清水さんの会社は、そのときにお仕事をくれたうちの1社。その節はお世話になりました。

 

ともあれ、清水さんの本を読めたのが、きっかけのひとつ目でした。

 


Scratchをはじめてみた

 

2015年1月。街角のカフェで「プログミングカフェ」という活動に誘われて、運営をはじめることになりました。

 

職業としてプログラマを目指すとかではなく、ご近所の人たちが、大人も子どもも、自由な表現を楽しみながらコミュニケーションできる場として、Scratchでいろんなものを作って見せ合う不定期な集いをやろうというのが、開催の主旨。

 

地域で小さなコミュニティを作ることに興味があったので、この企画にのっかりました。

 

 

Scratchの存在を知ったのは、仙台で友人の砂金さんが開いているCoder Dojoという取り組み。子どもが楽しそうに覚えていく様子を見たので、これはノンプログラマの素人でも楽しめるんじゃないかなと。

 

ここを自分のきっかけとすべく、Scratchのアカウントを作って、ちまちまプロジェクト(=Scratchで作る作品のこと)を作ってみました。

 

参加者はみんな初心者だからテキストも必要だろうってことで、パワポでこれまた、ちまちま作りはじめました。
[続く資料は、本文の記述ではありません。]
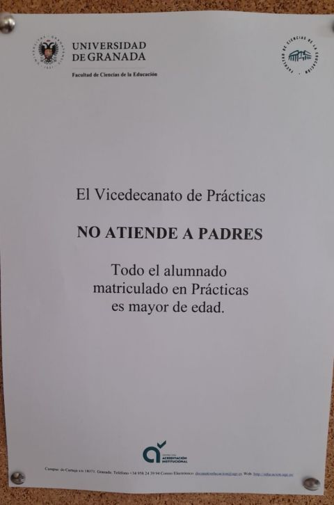 La cosa tiene su enjundia: por una parte se desdeña el papel de los padres en lo referente a la educación (todavía recuerdo a la señora ministra que soltó aquello de ‘los niños no son de los padres‘ negándonos así no solo el derecho a elegir el tipo de educación que queremos para nuestros hijos sino nuestro role como responsables últimos de esa educación); tras ese desprecio del papel de los padres en la educación de sus hijos vienen las quejas y lamentos de los profesores cuando los padres se meten en su terreno, como si no se dieran cuenta (honestamente creo que no se dan cuenta…) de que no respetar el papel de los padres, diluirlo, deja también a los padres perdidos, sin brújula, sabiéndose importantes en la educación de sus hijos pero sin reconocer límite alguno (al fin y al cabo el primer límite que se rebasó fue el de despreciarlos a ellos); y no hablo solo de los padres perdiendo los papeles en las reuniones de primaria o secundaria (socavando la autoridad del profesor en el aula) o llorándole a un profesor de bachillerato porque su hijo necesita más nota… a continuación podéis leer una nota del Vicedecanato de la Universidad de Granada: ‘El Vicedecanato de Prácticas NO ATIENDE A PADRES. Todo el alumnado matriculado en Prácticas es mayor de edad‘; no sé si el problema es que no asumimos que nuestros hijos ya son adultos (ese es, ciertamente, un problema clásico) o que consciente o inconscientemente asumimos que hemos fracasado en lo único en lo que no podíamos permitirnos fracasar: hemos acompañado a nuestros hijos en su vida infantil y juvenil pero no los hemos preparado para la vida adulta… y tratamos de poner parches al desastre actuando como si fuésemos sus abogados defensores… o algo así.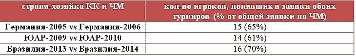 Более половины футболистов, попадавших в заявки Германии-2006, ЮАР-2010 и Бразилии-2014, за год до чемпионата мира участвовали в Кубке конфедераций. У немцев цифра была бы еще больше, если бы Мирослав Клозе не получил травму перед самым стартом КК-2005 (его заменил Томас Брдарич).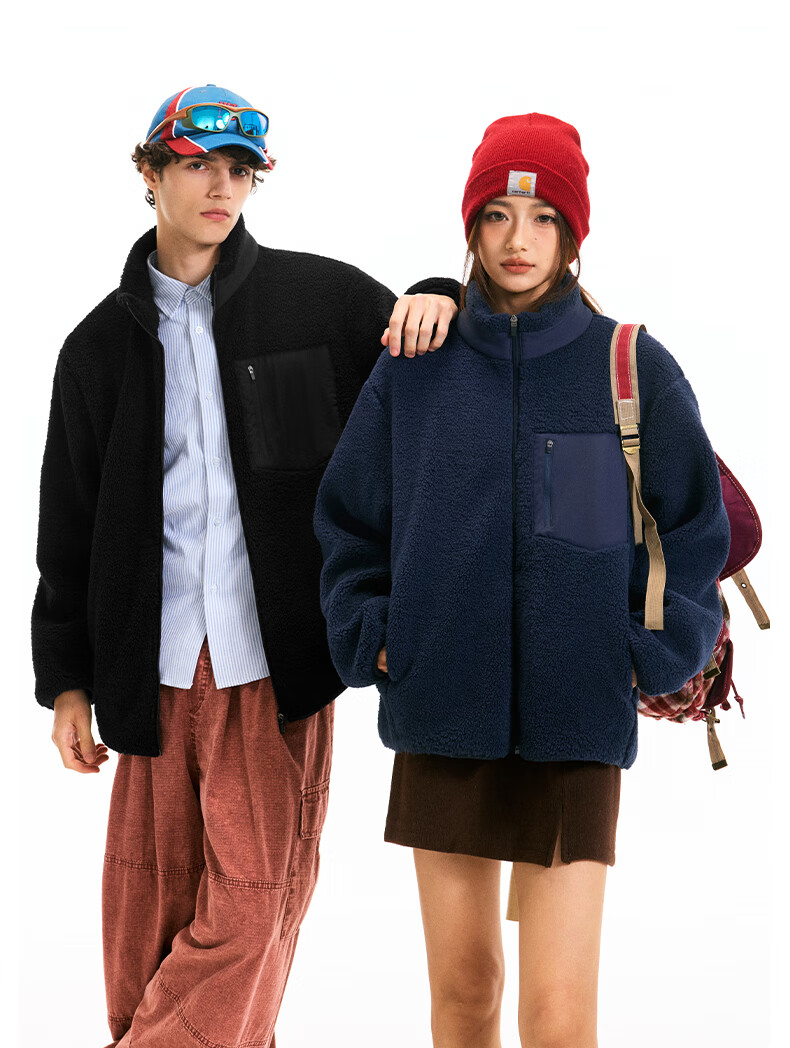 Fingercroxx it jacket men's autumn and winter new polar fleece warm jacket Korean trendy versatile cardigan navy blue 3XL

子どもでも読めるように、元・教材編集者の血が騒ぎ、パワポで総ルビという細かい作業も延々と。

 

昔、小学館発行のマンガって、セリフが総ルビでしたよね。ドラえもんとか。子どもたちへのそうした丁寧な対応を、その恩恵にあずかった我々、第2次ベビーブーマーもしっかりと受け継がねばならん。あれで漢字や語彙を増やすことができたようなもんだ。

 

 

毎月やるので、毎月Scratchをいじる機会がやってきます。ブロックを組み立ててプログラムを作るので、比較的ハードルも低く、挫折せずに続きました。

 

やってくうちに、Scratchで最初に使うキャラのネコさんを、走らせたり、壁にぶつけて跳ね返らせたり、アクロバティックにジャンプさせてみたり、ミサイルを撃ってみたり、いろいろ手数も増えてきました。

 

ちょっと難しいゲームを作りかけたり(←完成はしていない)もしつつ、1年近く続けてみたある日。

 

 

年内最後のプログラミングカフェで「クリスマスカード」を作ろうというお題になり、3つほど作ってみました

 

ここで「自分でできることで、好きな表現を楽しむ」という感覚が、自分のものなった瞬間を迎えました。

 

クリスマスカードという「目的」があり、これまでに身につけた「手数」があり、こういうのを作ったら面白いかもという「アイデア」があり、これらがうまく重なったんですね。

 

あー、この3つが表現の心地よさを覚える要素なんだなと。

 

 

ちょうどScratchで「不思議の国のアリス」150周年の作品を募集していたので、アリスのコンテンツを投稿するという目的でプロジェクトを作ってみたら、やっぱり同じ感覚に。

 

これが2つ目のきっかけになりました。

 


ハッカソンが、価値の表現を競う場になった

 

3つ目はこれ。ファシリテーターとして、ハッカソン開催をいくつか手掛けてきましたが、SPAJAM2015の各地の予選を見ていると、参加するクリエーターのみなさんが、いろんなAPIやハードを使って、楽しいものをドンドン生み出してくる。

 

いろんな業界の企業などから提供されているツール類が自由に使えるようになり、ハッカソンが、技術力云々というより、“体験させたい価値を如何に表現できるか”を競う場に見えてきました。

 

 

数年前だったら特定の大企業だけが独占的に握っていたであろう技術を、作り手の人たちが自由に使って楽しんでいる。何か、自分でも手が届く世界がやってきたんじゃないかって、そんな感覚にワクワクしてきました。

 

これがきっかけの3つ目。

 

ちなみに、恒例の石巻ハッカソンの発表会では、移動中にScratchで作ったプロジェクトを、司会者特権でちゃっかりプレゼンしちゃいました。

 

 

 

 


福野さんに「Ichigojam」のテキストをいただく

 

SPAJAM2015の鯖江予選で、開催に協力いただいたjig.jpの福野さんから、Ichigojamのテキストをいただきました。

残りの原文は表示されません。